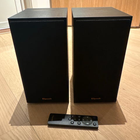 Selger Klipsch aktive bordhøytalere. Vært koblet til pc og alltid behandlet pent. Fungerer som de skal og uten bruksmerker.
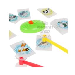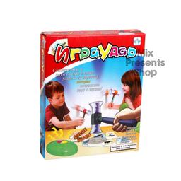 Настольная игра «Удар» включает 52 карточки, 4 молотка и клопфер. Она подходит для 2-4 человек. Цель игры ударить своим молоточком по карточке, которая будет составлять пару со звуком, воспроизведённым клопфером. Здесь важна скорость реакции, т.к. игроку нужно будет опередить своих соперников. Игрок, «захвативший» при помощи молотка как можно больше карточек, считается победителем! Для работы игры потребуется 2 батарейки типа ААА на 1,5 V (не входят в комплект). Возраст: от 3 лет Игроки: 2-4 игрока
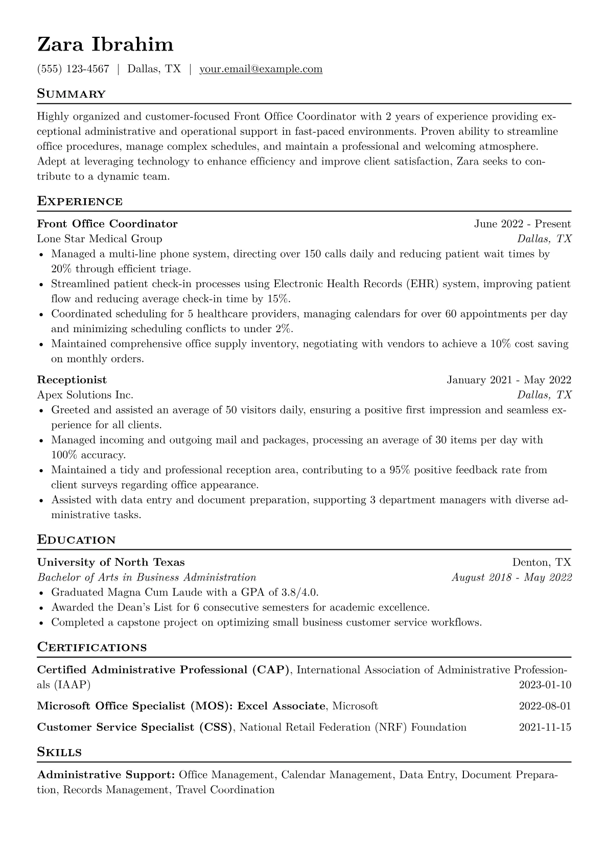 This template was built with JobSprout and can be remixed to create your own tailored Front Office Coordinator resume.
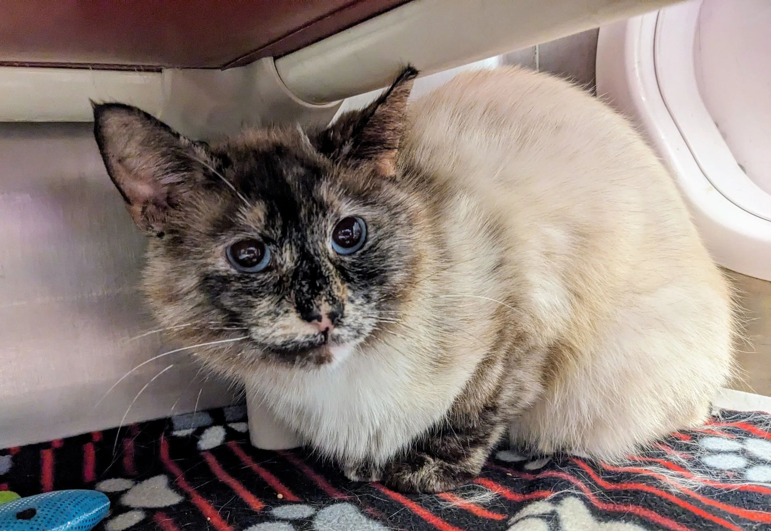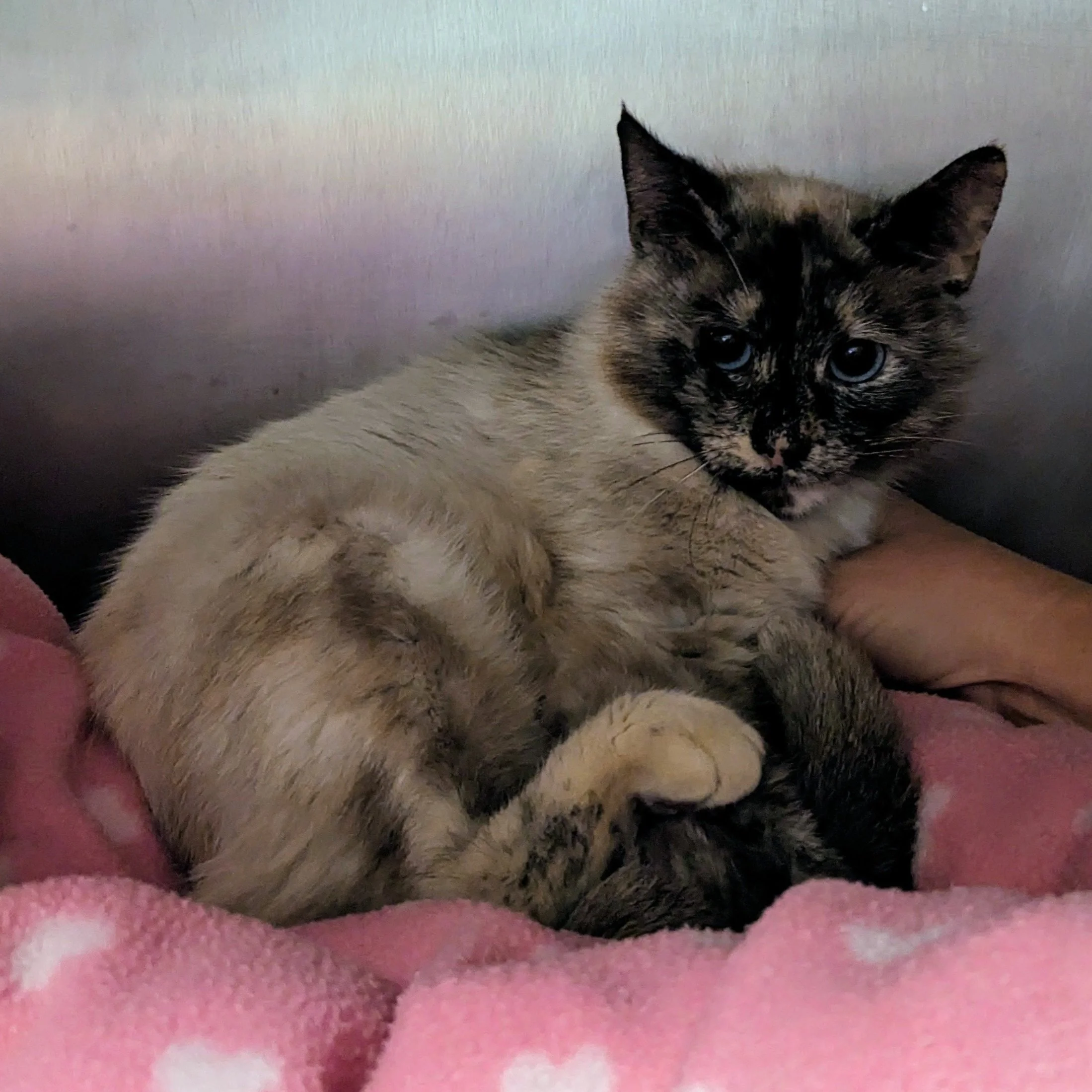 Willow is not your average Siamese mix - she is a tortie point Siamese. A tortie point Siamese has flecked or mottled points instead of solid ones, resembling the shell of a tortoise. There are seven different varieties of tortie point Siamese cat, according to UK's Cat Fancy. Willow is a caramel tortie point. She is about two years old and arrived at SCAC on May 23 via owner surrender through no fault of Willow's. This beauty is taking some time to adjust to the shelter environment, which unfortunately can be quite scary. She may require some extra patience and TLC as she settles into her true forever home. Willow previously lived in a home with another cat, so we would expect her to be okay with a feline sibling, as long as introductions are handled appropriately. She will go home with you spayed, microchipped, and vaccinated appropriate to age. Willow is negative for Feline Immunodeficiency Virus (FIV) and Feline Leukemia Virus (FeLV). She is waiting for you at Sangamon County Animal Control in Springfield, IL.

> _Work instructions_
Would you restate the listing word for word without its pictures?

> _Problem solution_
 Selger Klipsch aktive bordhøytalere. Vært koblet til pc og alltid behandlet pent. Fungerer som de skal og uten bruksmerker.
 Настольная игра «Удар» включает 52 карточки, 4 молотка и клопфер. Она подходит для 2-4 человек. Цель игры ударить своим молоточком по карточке, которая будет составлять пару со звуком, воспроизведённым клопфером. Здесь важна скорость реакции, т.к. игроку нужно будет опередить своих соперников. Игрок, «захвативший» при помощи молотка как можно больше карточек, считается победителем! Для работы игры потребуется 2 батарейки типа ААА на 1,5 V (не входят в комплект). Возраст: от 3 лет Игроки: 2-4 игрока
 This template was built with JobSprout and can be remixed to create your own tailored Front Office Coordinator resume.
 Willow is not your average Siamese mix - she is a tortie point Siamese. A tortie point Siamese has flecked or mottled points instead of solid ones, resembling the shell of a tortoise. There are seven different varieties of tortie point Siamese cat, according to UK's Cat Fancy. Willow is a caramel tortie point. She is about two years old and arrived at SCAC on May 23 via owner surrender through no fault of Willow's. This beauty is taking some time to adjust to the shelter environment, which unfortunately can be quite scary. She may require some extra patience and TLC as she settles into her true forever home. Willow previously lived in a home with another cat, so we would expect her to be okay with a feline sibling, as long as introductions are handled appropriately. She will go home with you spayed, microchipped, and vaccinated appropriate to age. Willow is negative for Feline Immunodeficiency Virus (FIV) and Feline Leukemia Virus (FeLV). She is waiting for you at Sangamon County Animal Control in Springfield, IL.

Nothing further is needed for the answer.